Aim of the exercise:
Would you transcribe exactly the lines from the beginning of the records below through the line with "實(shí)測(cè)100", both included, omitting the pictures?

Available data:
┌────────

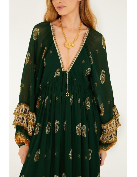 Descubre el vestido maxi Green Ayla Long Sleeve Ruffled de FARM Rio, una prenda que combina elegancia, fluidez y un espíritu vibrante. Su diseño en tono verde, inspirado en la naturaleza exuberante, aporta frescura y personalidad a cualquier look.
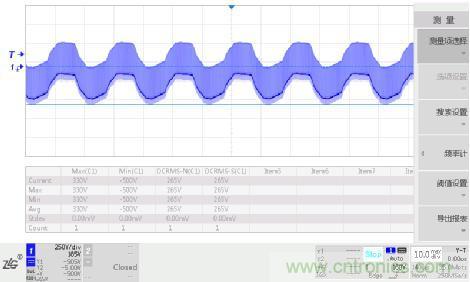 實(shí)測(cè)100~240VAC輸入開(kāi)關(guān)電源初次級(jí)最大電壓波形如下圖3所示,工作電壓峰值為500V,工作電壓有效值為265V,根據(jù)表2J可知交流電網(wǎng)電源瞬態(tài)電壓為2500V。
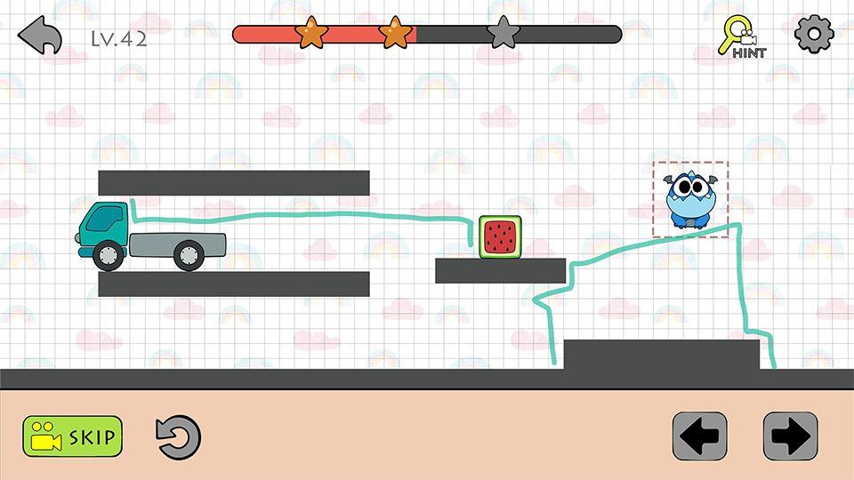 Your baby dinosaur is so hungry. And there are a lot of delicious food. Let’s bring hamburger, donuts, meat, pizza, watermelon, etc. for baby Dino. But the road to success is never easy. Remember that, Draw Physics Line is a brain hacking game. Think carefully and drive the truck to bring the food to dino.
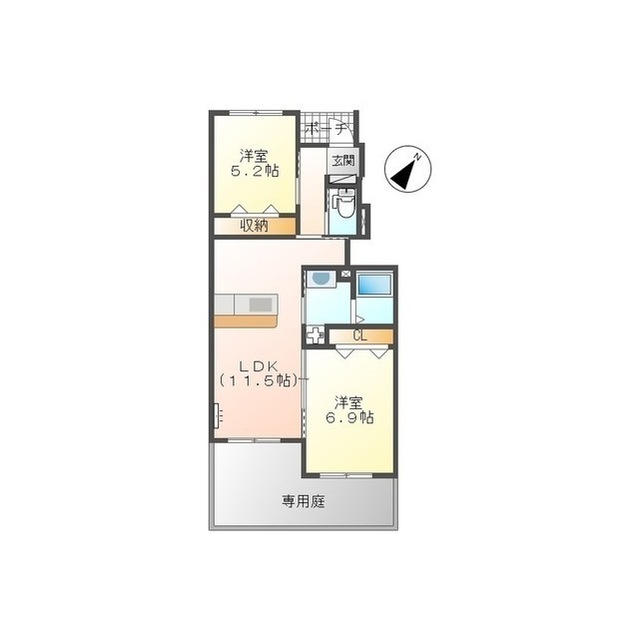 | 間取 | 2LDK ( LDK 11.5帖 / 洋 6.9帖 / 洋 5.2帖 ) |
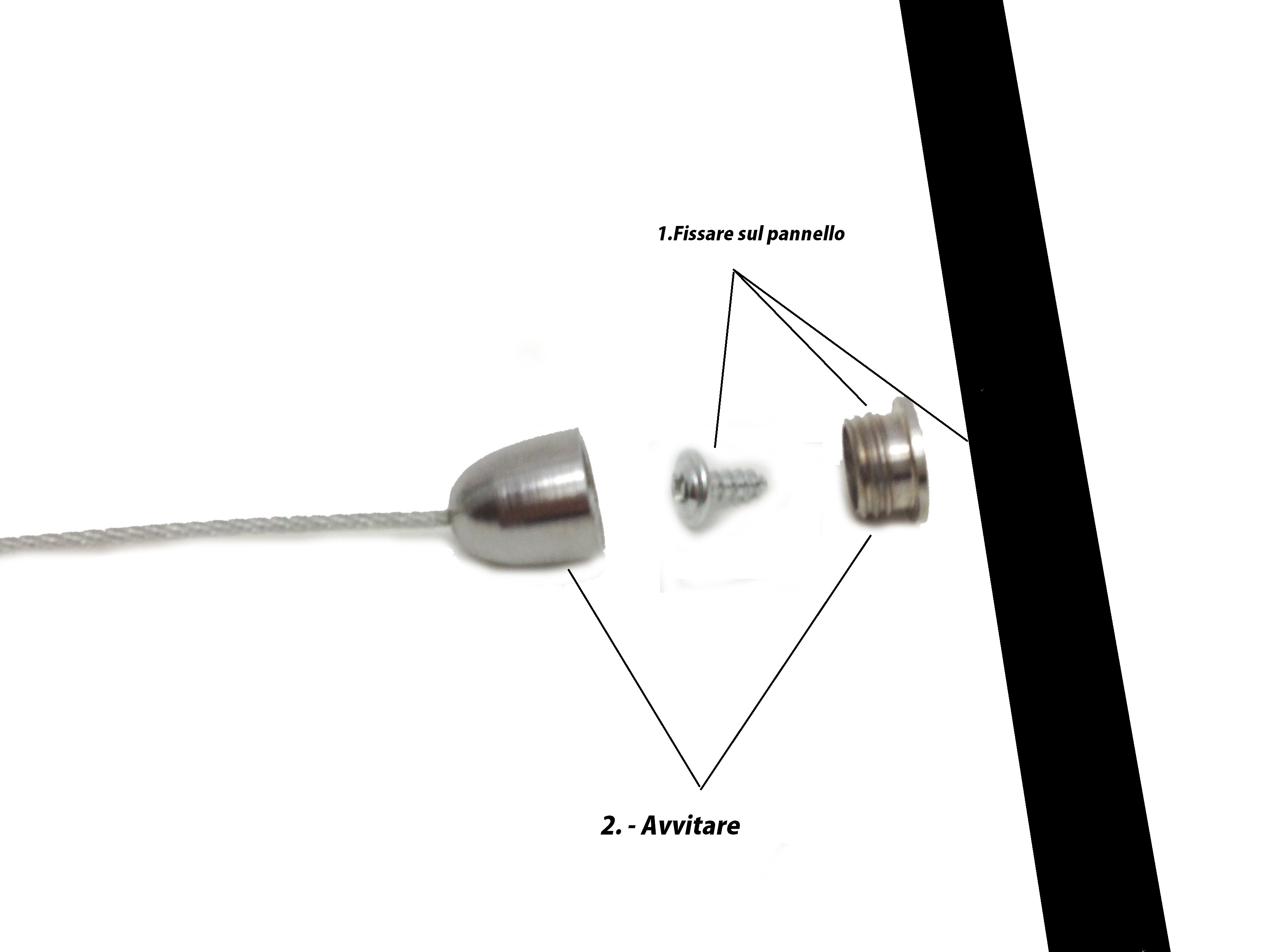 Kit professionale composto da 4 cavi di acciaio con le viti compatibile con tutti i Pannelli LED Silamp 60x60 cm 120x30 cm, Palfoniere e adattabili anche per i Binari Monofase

└────────

Answer for the task:
 Descubre el vestido maxi Green Ayla Long Sleeve Ruffled de FARM Rio, una prenda que combina elegancia, fluidez y un espíritu vibrante. Su diseño en tono verde, inspirado en la naturaleza exuberante, aporta frescura y personalidad a cualquier look.
 實(shí)測(cè)100~240VAC輸入開(kāi)關(guān)電源初次級(jí)最大電壓波形如下圖3所示,工作電壓峰值為500V,工作電壓有效值為265V,根據(jù)表2J可知交流電網(wǎng)電源瞬態(tài)電壓為2500V。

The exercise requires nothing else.